[Provided information]

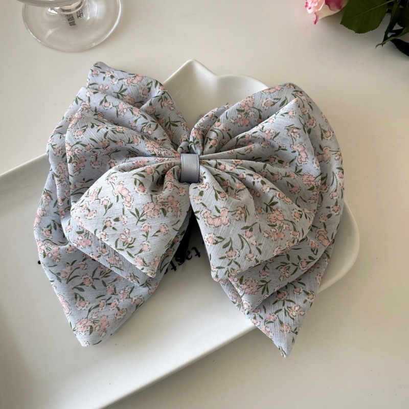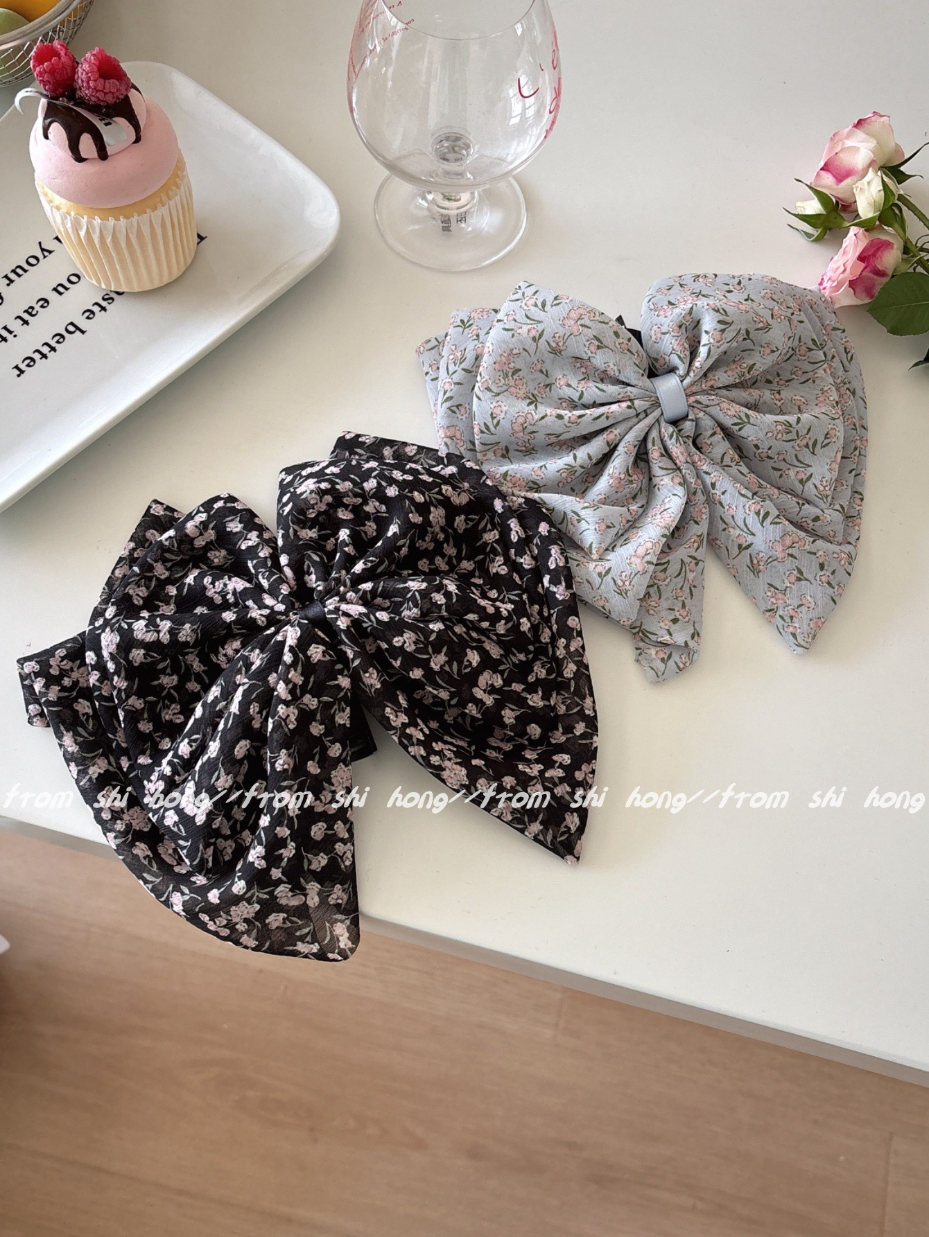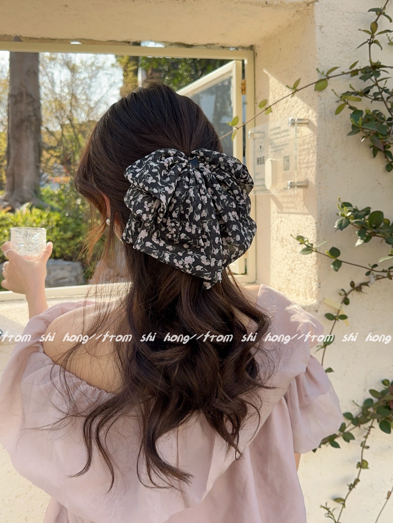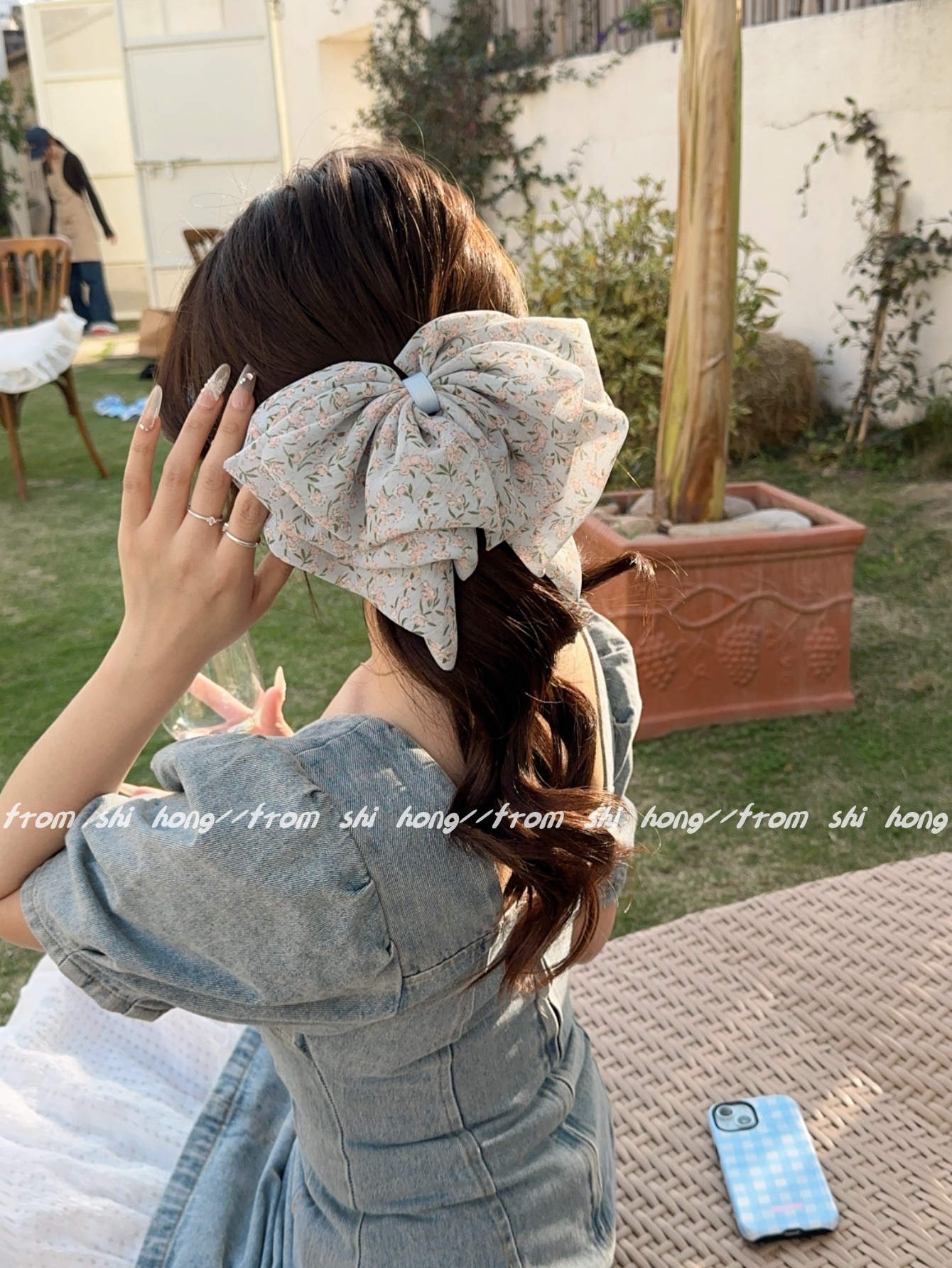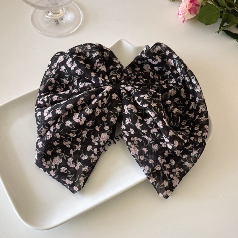게으른 휴일 빈티지 툴레 보우 플로랄 클립 리본 헤어핀 백 헤드 하프 타이 헤어 헤드웨어 헤어핀
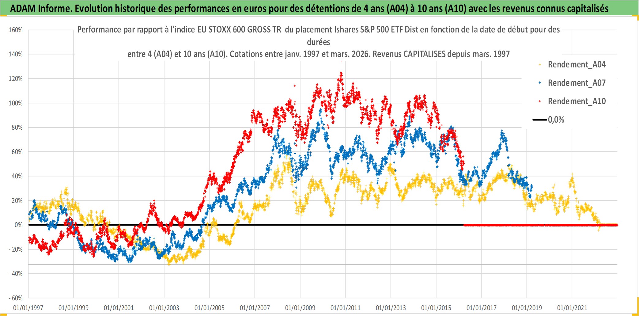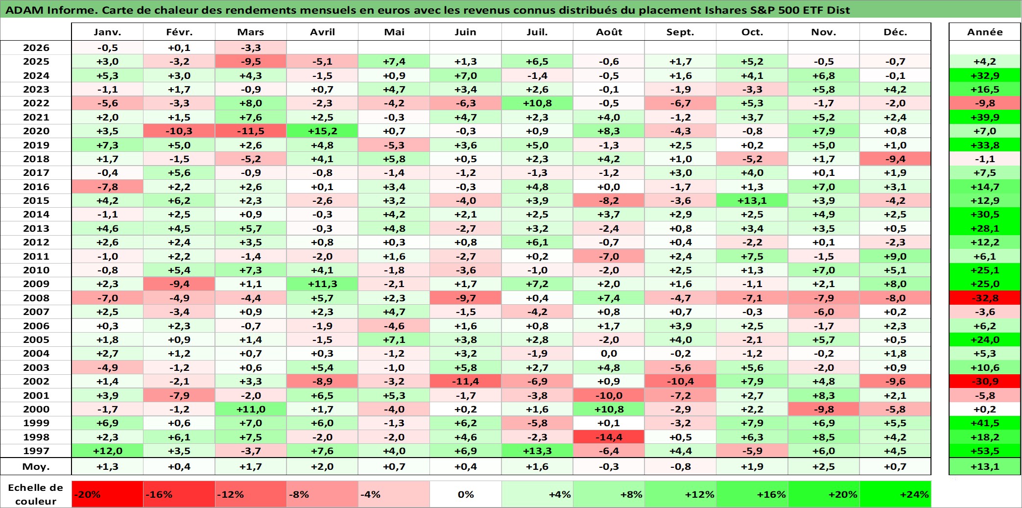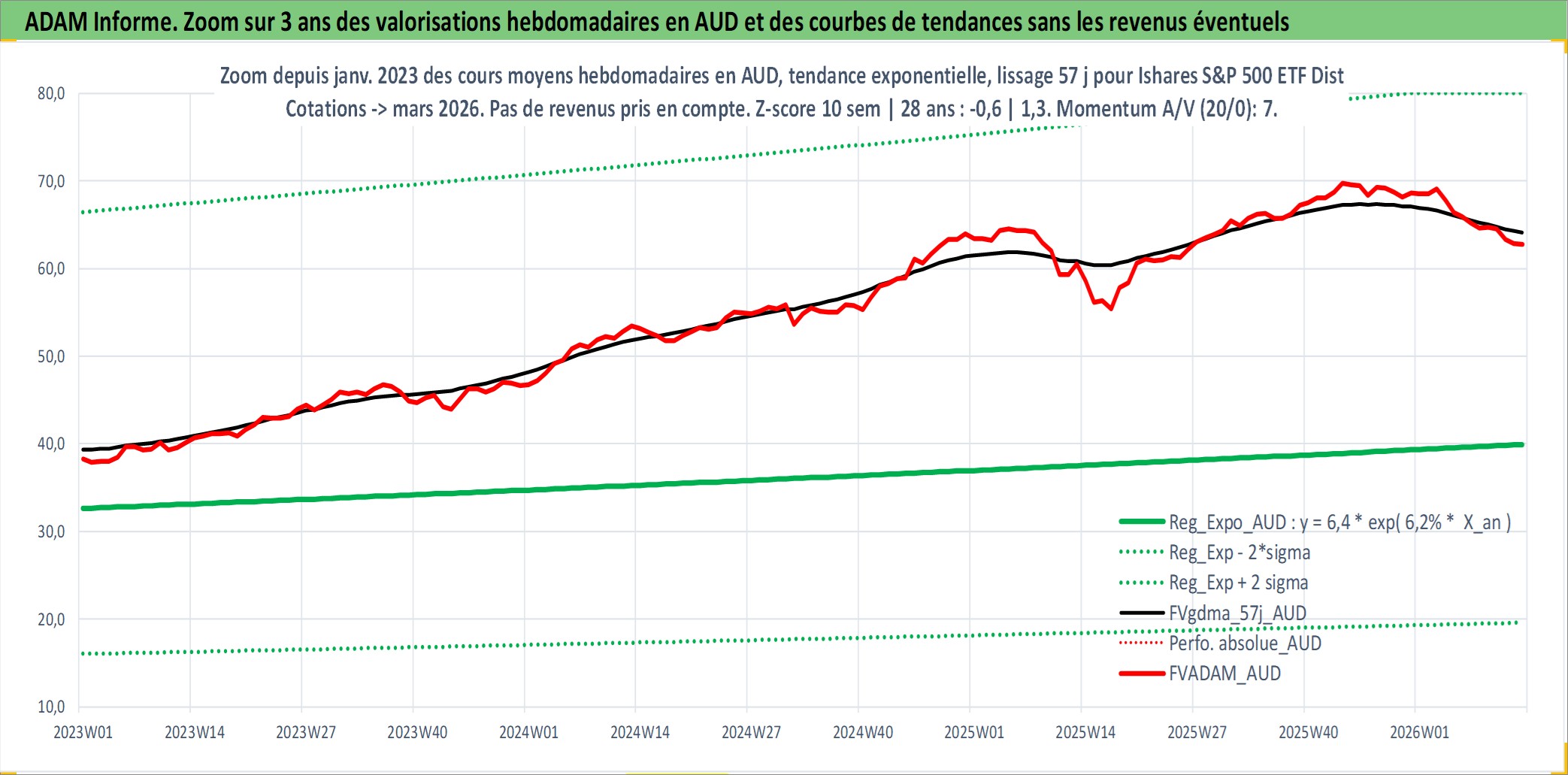Site dédié aux investisseursPage dédiée sur site financeAnalyse des valorisations hebdomadaires du fonds Ishares S&P 500 ETF Dist. Cet actif est cote en AUD. Les valorisations sont en contrevaleur EURO et couvrent les semaines 1997W01 a 2026W13. Les revenus de cet actif financier sont pris en compte depuis la semaine 1997W13. La note ESG de cet actif n'est pas connue.
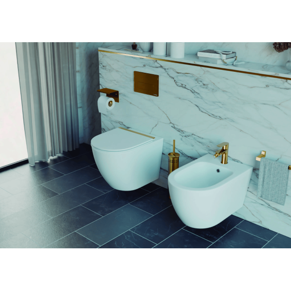 Bidé adosado a pared con diseño moderno, a juego con el inodoro Elba. Disponible en blanco brillo, blanco mate y negro mate. Fabricado en cerámica de alta calidad.
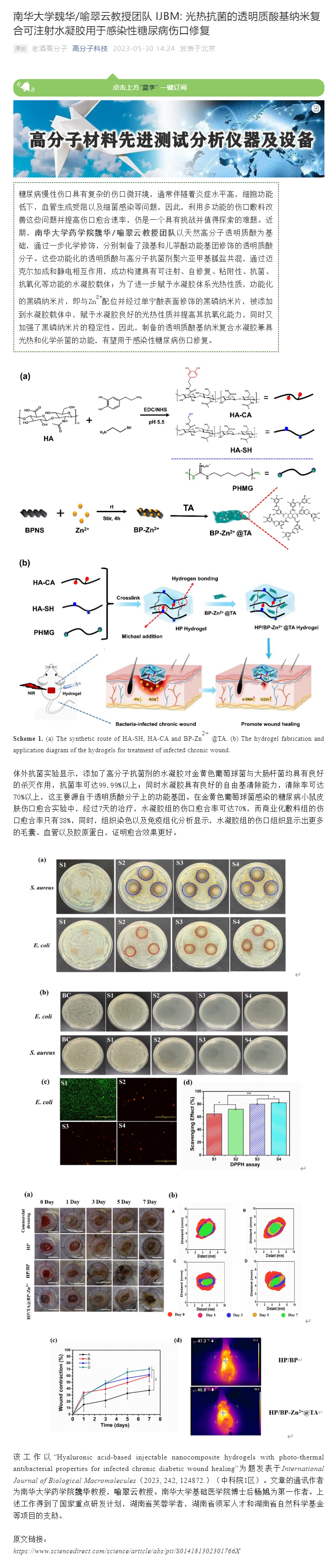 糖尿病慢性伤口具有复杂的伤口微环境,通常伴随着炎症水平高,细胞功能低下,血管生成受阻以及细菌感染等问题,因此,利用多功能的伤口敷料改善这些问题并提高伤口愈合速率,仍是一个具有挑战并值得探索的难题。近期,南华大学药学院魏华/喻翠云教授团队以天然高分子透明质酸为基础,通过一步化学修饰,分别制备了巯基和儿茶酚功能基团修饰的透明质酸分子。这些功能化的透明质酸与高分子抗菌剂聚六亚甲基胍盐共混,通过迈克尔加成和静电相互作用,成功构建具有可注射、自修复、粘附性、抗菌、抗氧化等功能的水凝胶载体;为了进一步赋予水凝胶体系光热性质,功能化的黑磷纳米片,即与Zn2+配位并经过单宁酸表面修饰的黑磷纳米片,被添加到水凝胶载体中,赋予水凝胶良好的光热性质并提高其抗氧化能力,同时又加强了黑磷纳米片的稳定性。因此,制备的透明质酸基纳米复合水凝胶兼具光热和化学杀菌的功能,有望用于感染性糖尿病伤口修复。
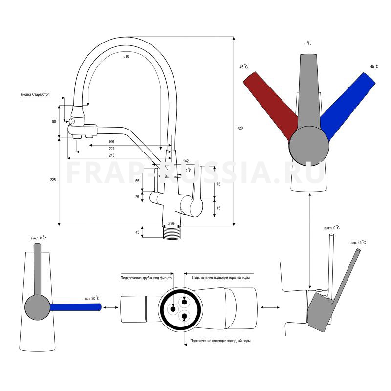 F4374 Смеситель для кухни гибк.излив+фильтр (хром)
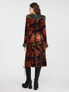 EDITION Vintage Floral Print Plush Patchwork Cardigan Jacket For Women, Halloween
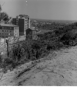 "Obres de repoblació forestal i reforma del camí de ronda al peu de les muralles, en la zona nord del turó, sobre el Camp de Mart"
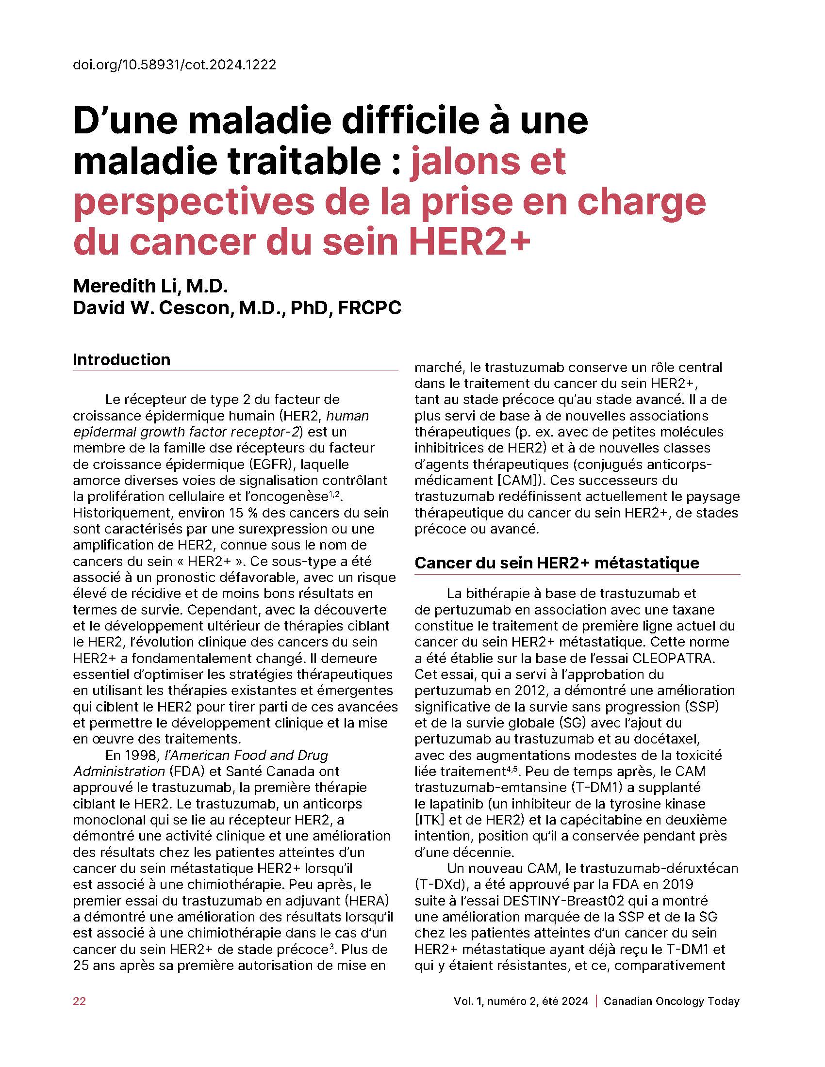 - D’une maladie difficile à une maladie traitable: jalons et perspectives de la prise en charge du cancer cancer du sein HER2+
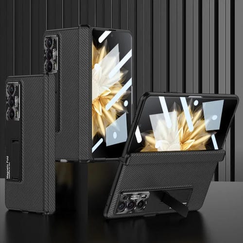 For Honor Magic V2 GKK Leather Flip Phone Case Cover with Built-in Magnetic Hinge and Kickstand (Carbon Fiber)
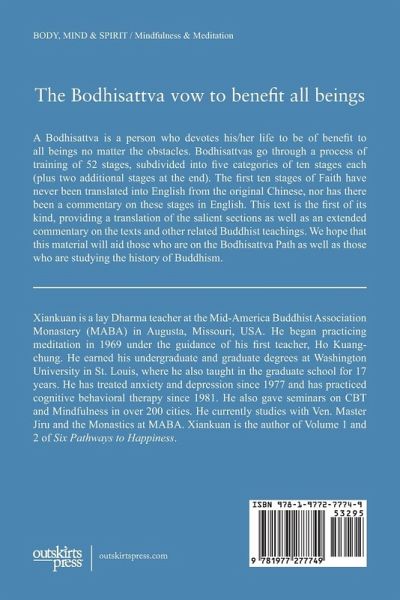 A Bodhisattva is a person who devotes his/her life to be of benefit to all beings no matter the obstacles. Bodhisattvas go through a process of training of 52 stages, subdivided into five categories of ten stages each (plus two additional stages at the end). The first ten stages of Faith have never been translated into English from the original Chinese, nor has there been a commentary on these stages in English. This text is the first of its kind, providing a translation of the salient sections as well as an extended commentary on the texts and other related Buddhist teachings. We hope that this material will aid those who are on the Bodhisattva Path as well as those who are studying the history of Buddhism.
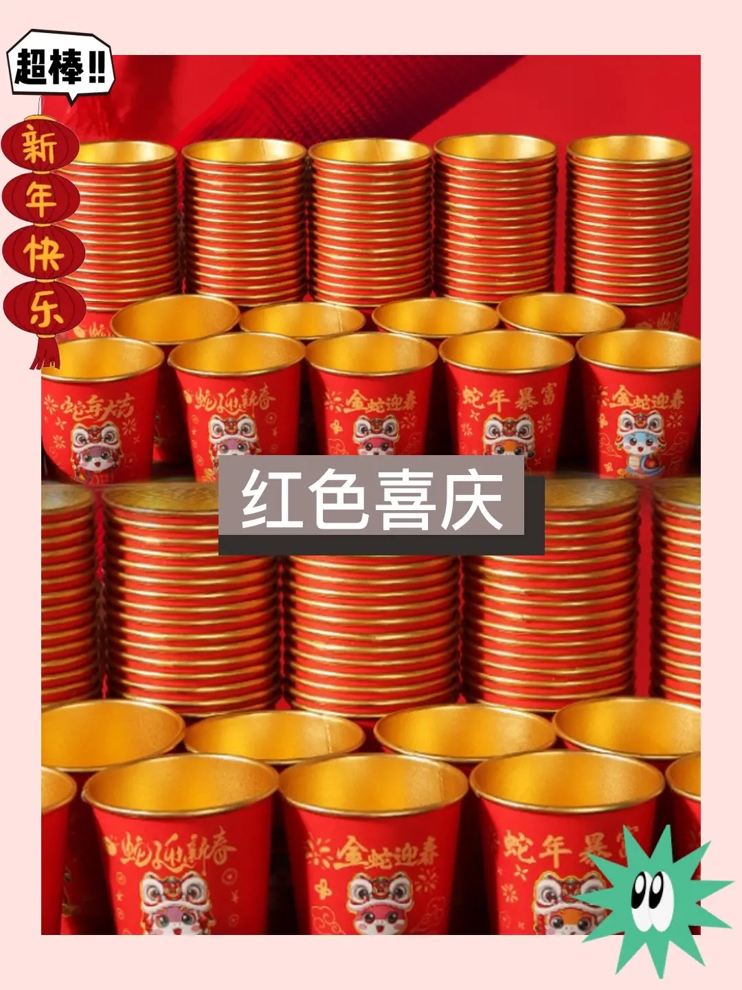 杯子来啦!过年必备😍🎉。这一波喜庆的贺岁气氛,我要推荐给大家的是这款红色纸杯!到手100只的加厚纸杯,用于商用还是家用都非常方便!春节、聚会、朋友小聚,盛满美味饮品之后,一起享受欢乐时光。红色设计不仅让人心情愉悦,更增添了节日的喜庆氛围。而且这个纸杯的质量很不错,不易漏水、轻松承载各种饮品,给你带来安心的用餐体验。快来一起欢庆蛇年,享受团圆的美好时刻吧!

[/Provided information]

Required action
Output must match the lines from the start of the records above through the line that contains "Site dédié aux", exactly and with every picture removed.

Problem solution
게으른 휴일 빈티지 툴레 보우 플로랄 클립 리본 헤어핀 백 헤드 하프 타이 헤어 헤드웨어 헤어핀
Site dédié aux investisseursPage dédiée sur site financeAnalyse des valorisations hebdomadaires du fonds Ishares S&P 500 ETF Dist. Cet actif est cote en AUD. Les valorisations sont en contrevaleur EURO et couvrent les semaines 1997W01 a 2026W13. Les revenus de cet actif financier sont pris en compte depuis la semaine 1997W13. La note ESG de cet actif n'est pas connue.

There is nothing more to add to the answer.